Toni Easter, 58, has faced the hopelessness familiar to any liberal voter living in a state dominated by conservative lawmakers.
Instead of despairing, she is spearheading a cause that is energizing thousands of Missourians -- across party lines -- who are determined to stop lawmakers from overturning the will of their voters.
Easter, a retired fashion industry executive in University City, Missouri, held a yard party in 2018 to support the Clean Missouri ballot initiative: a sweeping proposal to reduce corruption, increase transparency and reform how legislative districts are drawn in the state. She was so proud when it passed with 62% of voters supporting it.
“I was so proud when we won. I felt like I had effected change in my state,” she said.
But before any of the reforms could go into effect, the Republicans in the state legislature pushed for constitutional changes to scrap or weaken the redistricting provisions in Clean Missouri. Through ballot language that downplayed or buried the key changes, they got it overturned.
“I felt so betrayed by my elected officials,” Easter said. “The will of the people wasn’t enough.”
Easter got involved again when Republicans enacted a near-total abortion ban in the state after the Supreme Court overturned Roe v. Wade. Last year, she helped to collect 878 signatures to put the question about reproductive rights directly in front of the voters as Amendment 3, which would enshrine reproductive rights until the point of viability in the state constitution.
Again, Missouri voters supported this change, with 52% voting to restore abortion rights in the state.
How do you think Republicans, who control the state government with a supermajority, responded to the will of the people?
Yet again, Republican lawmakers approved a referendum that, if passed by voters in 2026 (or via special election earlier), would repeal Amendment 3 and ban most abortions.
The voters also passed Proposition A, a ballot initiative that increased the minimum wage and mandated paid sick leave. That measure passed with about 58% approval.

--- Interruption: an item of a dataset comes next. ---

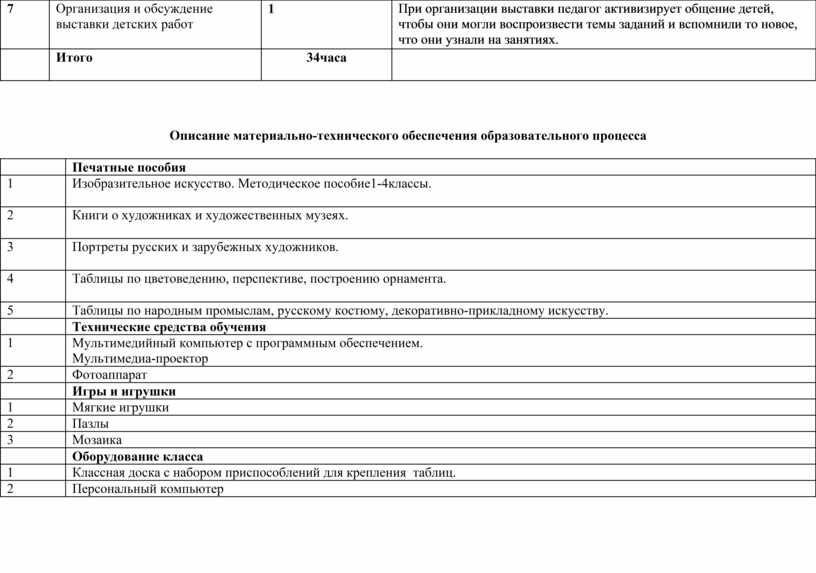 Продолжительность занятий строится в начальной школе из расчёта 34 часа (по одному часу в неделю).

The Missouri legislature did not like that outcome, so it enacted House Bill 567, signed into law by Gov. Mike Kehoe on July 10, which repealed the paid sick leave provision and removed the automatic inflation-based increases to the minimum wage.
Clearly, there’s some tension between the will of voters and state lawmakers’ personal beliefs. They will use whatever means possible to limit or overturn the will of the voters, whether it’s through a new referendum, court rulings or reinforcement of existing restrictions.

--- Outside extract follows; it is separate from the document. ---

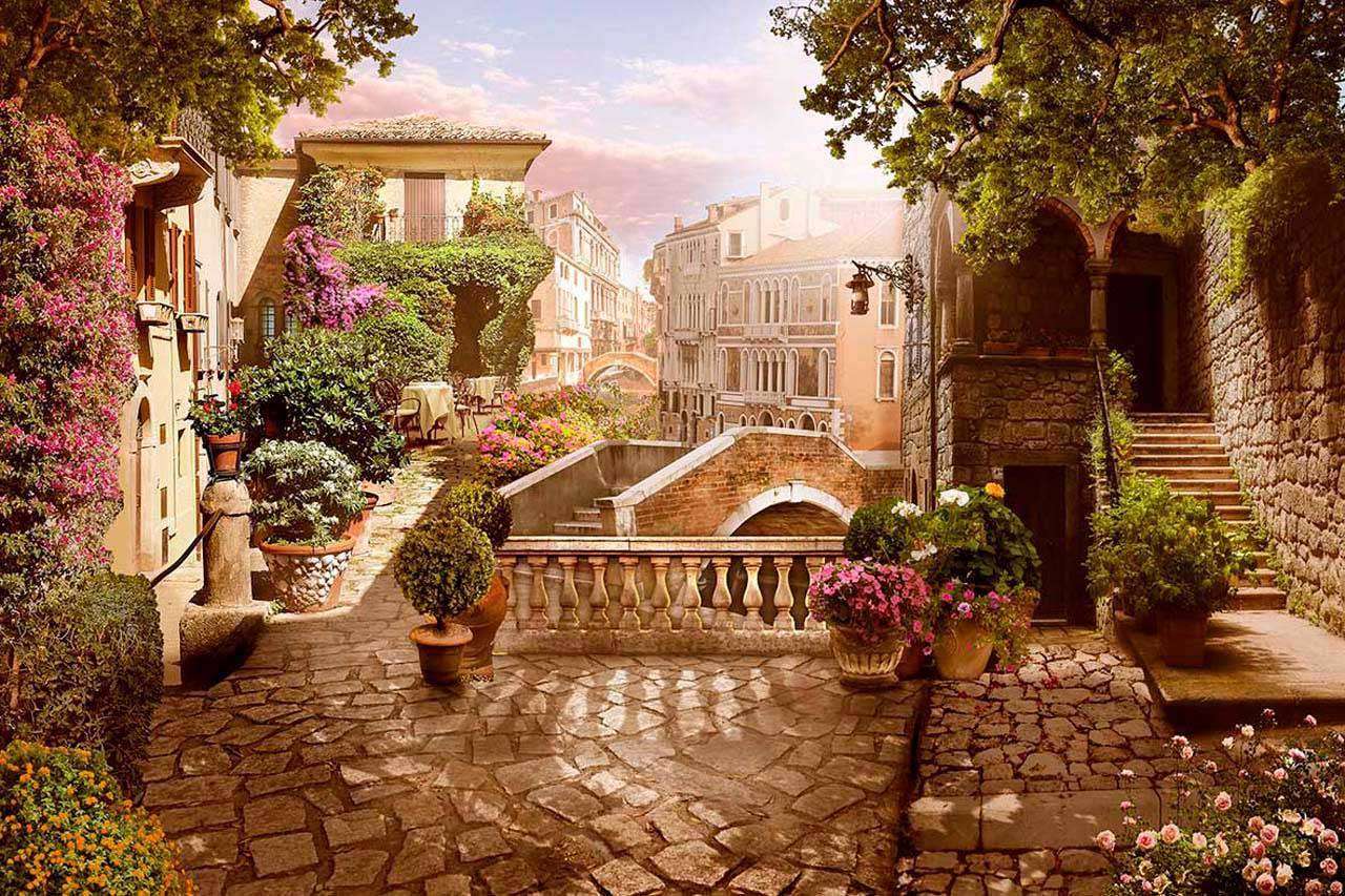 Бесшовные обои на стену: Улица старого города с видом на балкон. Артикул: 7-215

“I knew even when we won at the ballot that it wasn’t over,” Easter said about the reproductive rights vote.
She started researching how citizens could protect the ballot initiative and its results. In December, she joined a Zoom call with activists from around the state. She told Benjamin Singer, CEO of Show Me Integrity, that if his group would take on a citizens’ initiative to protect the process and outcomes in Missouri, she was all in.
Together, they founded the Respect MO Voters Coalition: a statewide, cross-partisan, volunteer-driven effort to protect Missouri’s citizen initiative process. They are trying to ensure that voter-approved measures are respected. They launched a massive effort to collect signatures in order to present the issue directly to voters.
The Republican-controlled legislature, meanwhile, is pushing in the opposite direction with proposals to make the initiative process more difficult -- raising standards for signatures, requiring more votes and giving more power to the legislature. They want to increase the percentage required to pass an initiative above a simple majority -- but only for citizen-initiated measures, not for the legislature’s own.
“It’s the most stunning example of hypocrisy and malicious intent,” said Ray Hartmann, a journalist who unsuccessfully ran against Rep. Ann Wagner, as he spoke to hundreds of volunteers at the kickoff event.
Fred Steinbach, a Republican and the former mayor of Chesterfield, also spoke at the event.
“I am a proud Republican, but I am concerned about the attack on democracy,” he said.
The majority of people on both sides of the aisle do not want politicians overturning our votes, Easter said. She is committed to leading the effort to collect 300,000 signatures in Missouri by the end of this year to get the initiative on the ballot next year.
It won’t be easy, she said. But she’s not going to sit around feeling victimized or doomscrolling. She still believes in the power of the people.
“This is us reclaiming that,” she said.